Langley, who is chairman of NBCUniversal Studio Group and chief content officer of NBCUniversal, declined to say much about the state of talks with the performers union during her Q&A Wednesday evening at Bloomberg Media’s Screentime conference in Hollywood.
But Langley did express that her executive counterparts in the negotiating room — Disney’s Bob Iger, Netflix’s Ted Sarandos and Warner Bros. Discovery’s David Zaslav– are committed to bringing an end to the SAG-AFTRA work stoppage that began July 14.
“The best way I can say it: We’ve been spending time with the actors and we want to spend as much time as it takes until we can reach a resolution and get the industy back on its feet and back to work,” Langley said.

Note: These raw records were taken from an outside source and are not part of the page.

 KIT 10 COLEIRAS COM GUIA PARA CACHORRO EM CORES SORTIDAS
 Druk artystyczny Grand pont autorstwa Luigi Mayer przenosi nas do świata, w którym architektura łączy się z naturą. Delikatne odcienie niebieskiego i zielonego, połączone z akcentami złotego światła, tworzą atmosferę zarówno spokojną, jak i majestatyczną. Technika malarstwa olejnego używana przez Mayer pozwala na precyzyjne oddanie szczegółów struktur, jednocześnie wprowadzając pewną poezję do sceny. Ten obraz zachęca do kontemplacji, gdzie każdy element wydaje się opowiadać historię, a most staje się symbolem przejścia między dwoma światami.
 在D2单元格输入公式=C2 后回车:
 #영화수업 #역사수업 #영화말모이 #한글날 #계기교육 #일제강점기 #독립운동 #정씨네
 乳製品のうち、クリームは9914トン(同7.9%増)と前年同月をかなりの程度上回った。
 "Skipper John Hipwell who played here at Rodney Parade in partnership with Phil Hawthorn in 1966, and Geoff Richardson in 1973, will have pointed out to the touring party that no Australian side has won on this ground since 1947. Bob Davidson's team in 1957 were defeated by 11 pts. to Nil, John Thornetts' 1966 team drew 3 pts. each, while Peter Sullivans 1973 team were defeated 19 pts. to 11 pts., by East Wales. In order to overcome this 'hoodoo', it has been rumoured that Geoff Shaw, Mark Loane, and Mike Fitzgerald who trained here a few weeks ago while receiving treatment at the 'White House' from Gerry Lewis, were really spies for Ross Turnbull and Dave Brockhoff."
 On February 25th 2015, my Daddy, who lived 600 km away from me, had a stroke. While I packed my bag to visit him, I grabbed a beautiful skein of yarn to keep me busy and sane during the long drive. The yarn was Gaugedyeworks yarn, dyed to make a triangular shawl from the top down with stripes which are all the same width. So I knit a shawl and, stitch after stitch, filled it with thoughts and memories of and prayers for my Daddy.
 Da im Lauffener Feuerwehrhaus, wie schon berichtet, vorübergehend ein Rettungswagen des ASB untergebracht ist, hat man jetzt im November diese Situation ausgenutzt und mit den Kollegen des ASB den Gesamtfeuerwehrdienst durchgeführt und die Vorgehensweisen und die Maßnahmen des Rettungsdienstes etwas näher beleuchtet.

Langley, Sarandos, Iger and Zaslav have been knee-deep in union contract negotiations for the past month. The foursome came together in August to help jumpstart stalled negotiations with the Writers Guild of America. WGA negotiators met with the executives and negotiators for the Alliance of Motion Picture and Television Producers last month and ultimately reached a deal on Sept. 24. That three-year deal was ratified with overwhelming approval by members on Monday.
“We feel good about the deal that was made,” Langley said. Negotiations with the WGA proved to be “a difficult one because we had to deal with issues like AI and minimum staffing and things that had up until this point seemed unprecedented,” she said. “Eventually we made a deal.”